Stevenson never seemed to have the slightest interest in what the press said of his books.
One day Mr.Burlingame asked Bok to take some proofs to Stevenson at his home; thinking it might be a propitious moment to interest the author in the popular acclaim that followed the publication of _Doctor Jekyll and Mr.Hyde_, Bok put a bunch of press notices in his pocket.
He found the author in bed, smoking his inevitable cigarette.
As the proofs were to be brought back, Bok waited, and thus had an opportunity for nearly two hours to see the author at work.

No man ever went over his proofs more carefully than did Stevenson; his corrections were numerous; and sometimes for ten minutes at a time he would sit smoking and thinking over a single sentence, which, when he had satisfactorily shaped it in his mind, he would recast on the proof.
Stevenson was not a prepossessing figure at these times.
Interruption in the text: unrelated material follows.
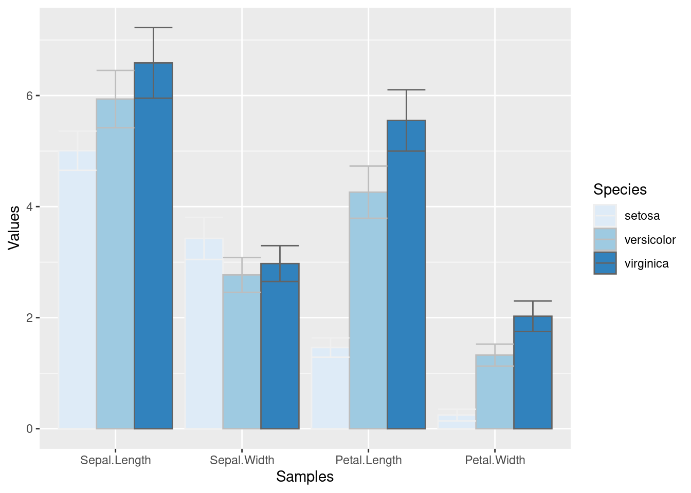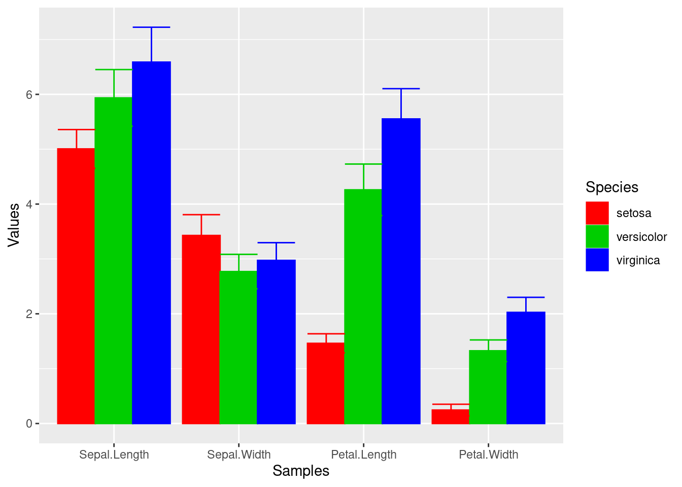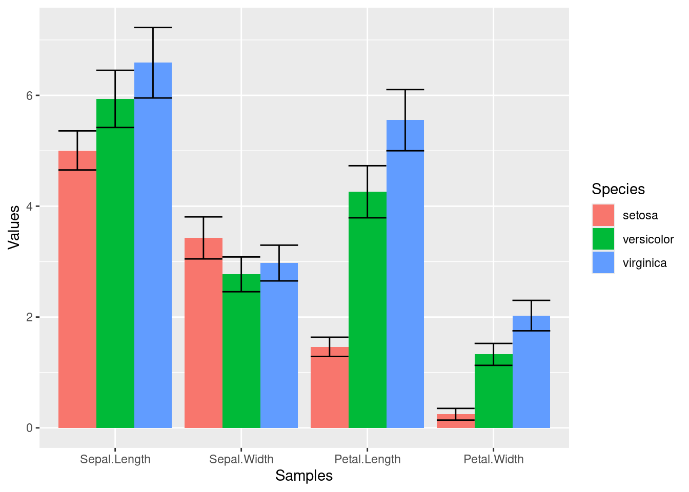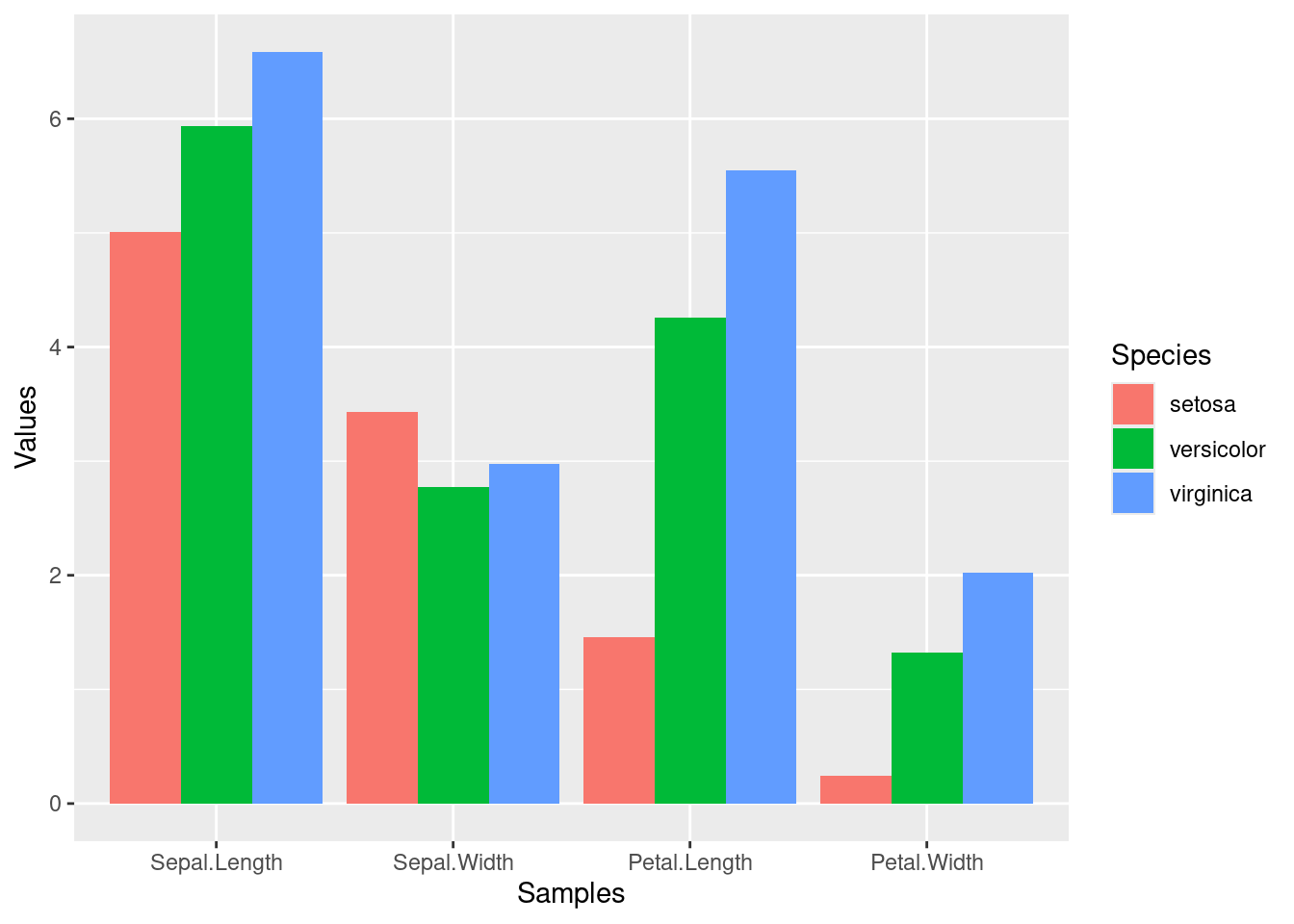 p <-ggplot(df_mean, aes(Samples, Values, fill = Species)) +geom_bar(position="dodge", stat="identity")print(p)

With his sallow skin and his black dishevelled hair, with finger-nails which had been allowed to grow very long, with fingers discolored by tobacco--in short, with a general untidiness that was all his own, Stevenson, so Bok felt, was an author whom it was better to read than to see.

And yet his kindliness and gentleness more than offset the unattractiveness of his physical appearance.
After one or two visits from Bok, having grown accustomed to him, Stevenson would discuss some sentence in an article, or read some amended paragraph out loud and ask whether Bok though it sounded better.